Work instructions: Beginning at the line containing "Специальные щипцы для" in the material below and ending at the line containing "母の日専用のオーダーシートがございますので", return each line exactly and add nothing.

---------- Input ----------

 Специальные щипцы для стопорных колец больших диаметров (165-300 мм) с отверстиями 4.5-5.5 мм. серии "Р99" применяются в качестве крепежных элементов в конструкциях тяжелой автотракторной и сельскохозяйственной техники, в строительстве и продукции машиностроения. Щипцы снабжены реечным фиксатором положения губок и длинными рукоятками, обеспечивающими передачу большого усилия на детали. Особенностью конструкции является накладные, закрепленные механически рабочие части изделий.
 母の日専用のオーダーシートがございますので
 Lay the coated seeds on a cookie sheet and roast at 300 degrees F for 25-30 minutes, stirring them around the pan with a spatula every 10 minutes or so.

----------
---------- Input ----------

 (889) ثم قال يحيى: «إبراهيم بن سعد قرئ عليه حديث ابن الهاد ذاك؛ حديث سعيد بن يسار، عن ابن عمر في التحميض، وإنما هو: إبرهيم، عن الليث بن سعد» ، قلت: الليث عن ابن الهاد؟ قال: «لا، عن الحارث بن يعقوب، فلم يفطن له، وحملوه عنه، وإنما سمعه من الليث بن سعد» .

----------
---------- Input ----------

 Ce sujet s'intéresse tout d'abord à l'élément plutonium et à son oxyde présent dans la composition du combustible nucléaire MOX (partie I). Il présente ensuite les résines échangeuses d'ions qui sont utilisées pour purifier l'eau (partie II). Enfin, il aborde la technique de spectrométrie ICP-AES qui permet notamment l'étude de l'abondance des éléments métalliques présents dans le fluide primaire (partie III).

----------

Answer to the problem:
 Специальные щипцы для стопорных колец больших диаметров (165-300 мм) с отверстиями 4.5-5.5 мм. серии "Р99" применяются в качестве крепежных элементов в конструкциях тяжелой автотракторной и сельскохозяйственной техники, в строительстве и продукции машиностроения. Щипцы снабжены реечным фиксатором положения губок и длинными рукоятками, обеспечивающими передачу большого усилия на детали. Особенностью конструкции является накладные, закрепленные механически рабочие части изделий.
 母の日専用のオーダーシートがございますので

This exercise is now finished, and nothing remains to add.